Records provided
• • • •

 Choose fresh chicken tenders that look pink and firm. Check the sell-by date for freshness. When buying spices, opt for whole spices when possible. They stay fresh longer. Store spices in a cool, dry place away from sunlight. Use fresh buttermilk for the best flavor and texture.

• • • •

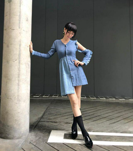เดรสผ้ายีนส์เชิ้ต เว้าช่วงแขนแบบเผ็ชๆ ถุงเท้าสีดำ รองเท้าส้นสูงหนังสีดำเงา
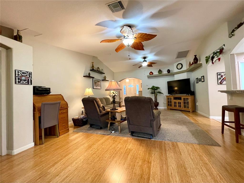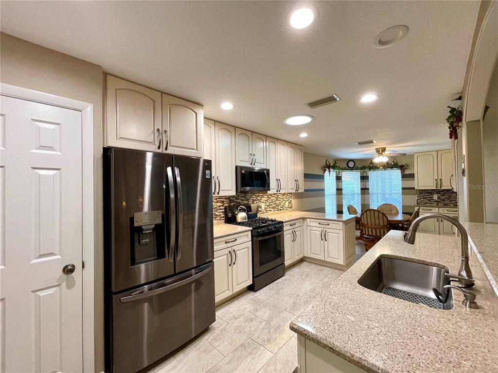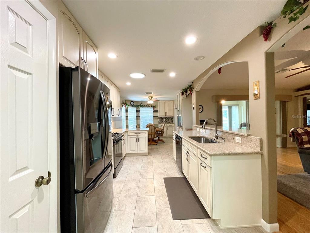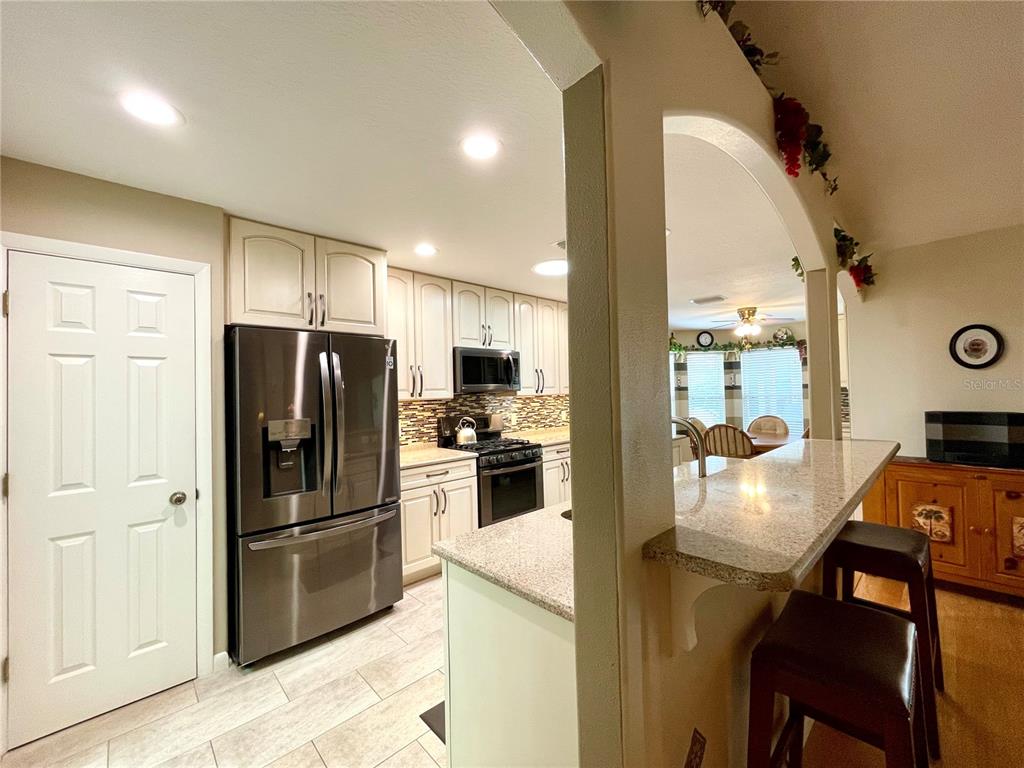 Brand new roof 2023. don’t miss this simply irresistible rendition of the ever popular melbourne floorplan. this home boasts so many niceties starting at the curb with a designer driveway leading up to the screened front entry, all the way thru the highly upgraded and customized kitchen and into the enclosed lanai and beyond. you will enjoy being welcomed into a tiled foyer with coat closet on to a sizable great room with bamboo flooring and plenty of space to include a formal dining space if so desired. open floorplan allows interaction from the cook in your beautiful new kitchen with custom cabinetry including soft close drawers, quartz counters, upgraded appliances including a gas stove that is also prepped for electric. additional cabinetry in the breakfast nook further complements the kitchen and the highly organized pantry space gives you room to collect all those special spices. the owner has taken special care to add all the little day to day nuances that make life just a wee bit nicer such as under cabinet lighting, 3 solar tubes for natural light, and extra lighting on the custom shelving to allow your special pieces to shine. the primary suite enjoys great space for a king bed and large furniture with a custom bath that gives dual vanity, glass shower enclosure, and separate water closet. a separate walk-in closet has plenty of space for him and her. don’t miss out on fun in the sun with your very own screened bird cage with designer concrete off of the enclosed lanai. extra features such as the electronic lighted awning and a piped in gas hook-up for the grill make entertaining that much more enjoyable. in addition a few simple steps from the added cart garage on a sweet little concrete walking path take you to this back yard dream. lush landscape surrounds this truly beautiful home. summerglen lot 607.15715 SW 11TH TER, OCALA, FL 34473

• • • •

Exercise prompt
Above, find the line with "เดรสผ้ายีนส์เชิ้ต เว้าช่วงแขนแบบเผ็ชๆ ถุงเท้าสีดำ"; copy it and every line down to the line with "Brand new roof", exactly and both included, but no pictures.

Written solution
เดรสผ้ายีนส์เชิ้ต เว้าช่วงแขนแบบเผ็ชๆ ถุงเท้าสีดำ รองเท้าส้นสูงหนังสีดำเงา
 Brand new roof 2023. don’t miss this simply irresistible rendition of the ever popular melbourne floorplan. this home boasts so many niceties starting at the curb with a designer driveway leading up to the screened front entry, all the way thru the highly upgraded and customized kitchen and into the enclosed lanai and beyond. you will enjoy being welcomed into a tiled foyer with coat closet on to a sizable great room with bamboo flooring and plenty of space to include a formal dining space if so desired. open floorplan allows interaction from the cook in your beautiful new kitchen with custom cabinetry including soft close drawers, quartz counters, upgraded appliances including a gas stove that is also prepped for electric. additional cabinetry in the breakfast nook further complements the kitchen and the highly organized pantry space gives you room to collect all those special spices. the owner has taken special care to add all the little day to day nuances that make life just a wee bit nicer such as under cabinet lighting, 3 solar tubes for natural light, and extra lighting on the custom shelving to allow your special pieces to shine. the primary suite enjoys great space for a king bed and large furniture with a custom bath that gives dual vanity, glass shower enclosure, and separate water closet. a separate walk-in closet has plenty of space for him and her. don’t miss out on fun in the sun with your very own screened bird cage with designer concrete off of the enclosed lanai. extra features such as the electronic lighted awning and a piped in gas hook-up for the grill make entertaining that much more enjoyable. in addition a few simple steps from the added cart garage on a sweet little concrete walking path take you to this back yard dream. lush landscape surrounds this truly beautiful home. summerglen lot 607.15715 SW 11TH TER, OCALA, FL 34473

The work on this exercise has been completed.